Since the Electoral Count Act was enacted in 1887, a situation akin to “dueling electors” has happened only once, when Hawaii was in the throes of a close recount in 1960. The governor of Hawaii signed off on a Republican slate of electors for Richard M. Nixon before the recount was completed; when it was finished and showed John F. Kennedy ahead, the governor had to send a new Democratic slate to Congress. The Democratic slate was accepted.
The Constitution stipulates that states select their electors “in such manner as the Legislature thereof may direct.” In modern times the states have done that by holding popular elections that determine to whom their electors will be pledged.
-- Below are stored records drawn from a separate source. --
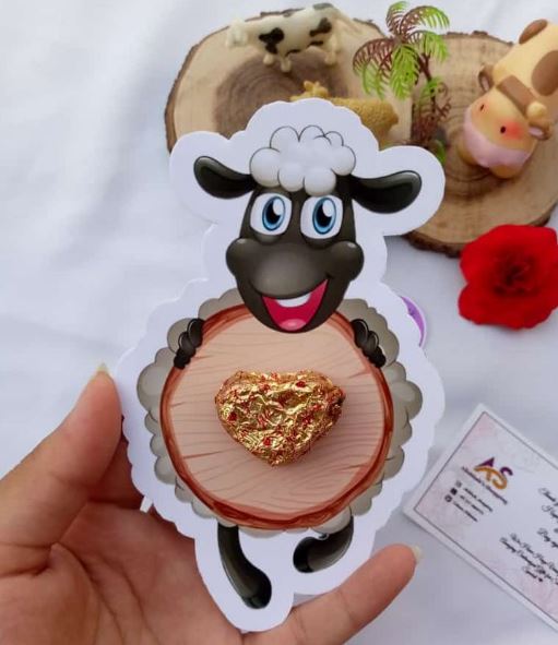 وضع العيدية داخل أكياس من الكاندي، مجسم خروف صغير بالون ملون.
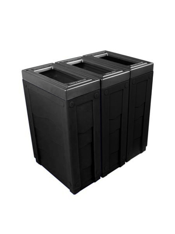 The Evolve Triple Cube Slim recycling station offers a unique style for multi-functional waste and recycling collection at an economical price. Each Evolve receptacle can be utilized as stand-alone receptacles or gathered together as a central recycling station. These receptacles feature a thermoformed ABS lid with a brushed pewter film, giving it a stylish touch for any interior space.
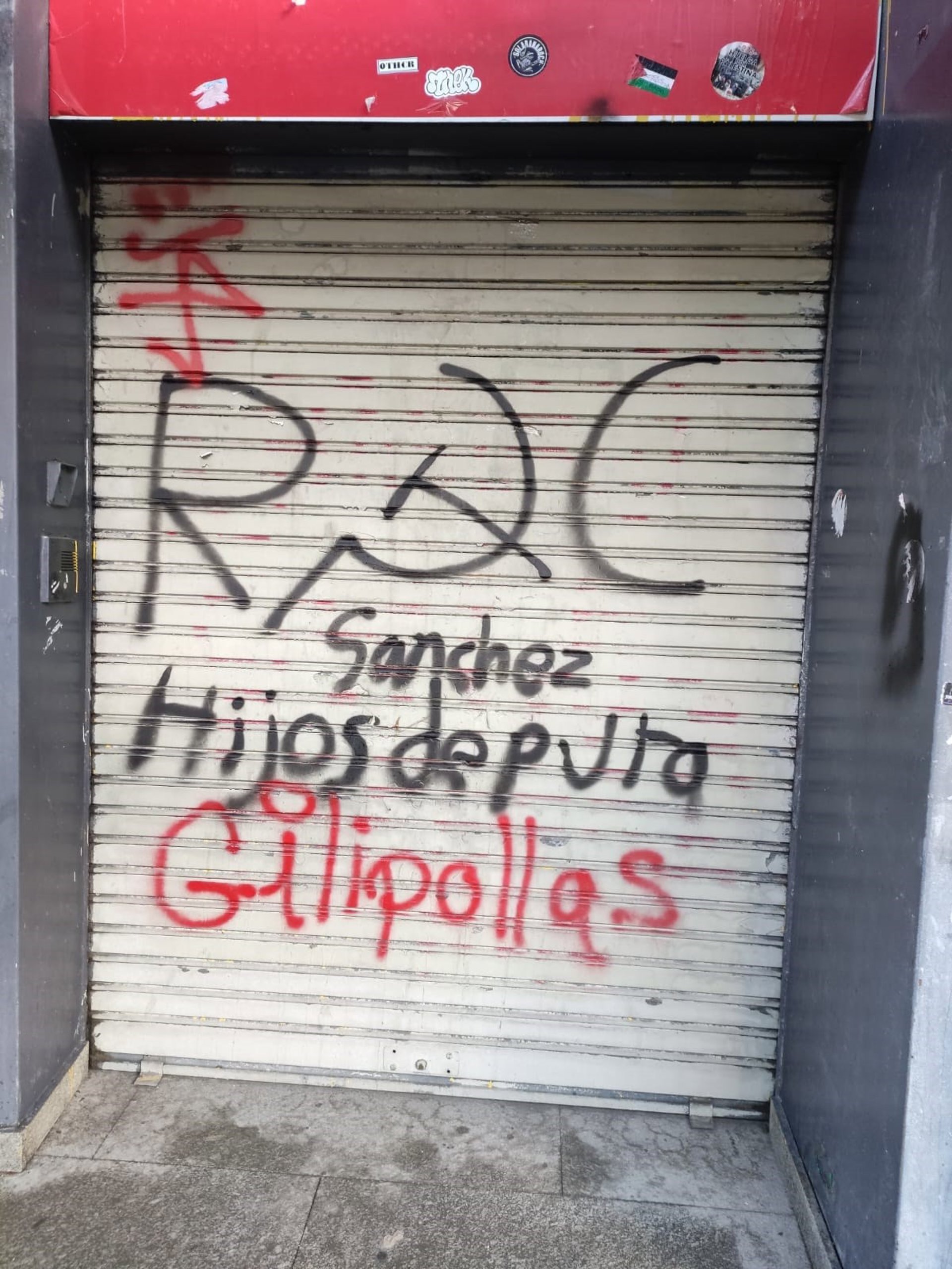 La sede del PSOE de Burgos ha amanecido este lunes con pintadas e insultos en las persianas metálicas de su sede de la calle Vitoria 105, descalificativos como "vendeobreros", "vendepatrias" y "traidores", además de otras ofensas hacia el presidente del Gobierno, Pedro Sánchez.

Various constitutionally enshrined rights and laws would preclude state legislatures from changing the rules and nullifying the popular will after the fact in pursuit of a different outcome.
Regardless, no state legislatures have seriously explored overturning the results, despite Mr. Trump’s entreaties to state Republican leaders.
It is up to Congress to accept the Electoral College results, which will happen on Jan. 6. Even if a state legislature were to send to Congress ballots from its own appointed slate of electors, many legal scholars have said that Congress would have to give preference to the slate sent by the governor.
In any event, both chambers would have to agree to block the pro-Biden electors. It is inconceivable that the Democrats who control the House of Representatives would consider any such move by Republicans.
While some Trump loyalists in the House, like Representative Mo Brooks of Alabama, have claimed that they will try to challenge the results, many Republican senators conceded on Monday that Mr. Biden had been affirmed as the president-elect. Mitch McConnell, the majority leader, appeared to close off any possibility that he would give much berth to a challenge when he congratulated Mr. Biden from the floor of the Senate on Tuesday.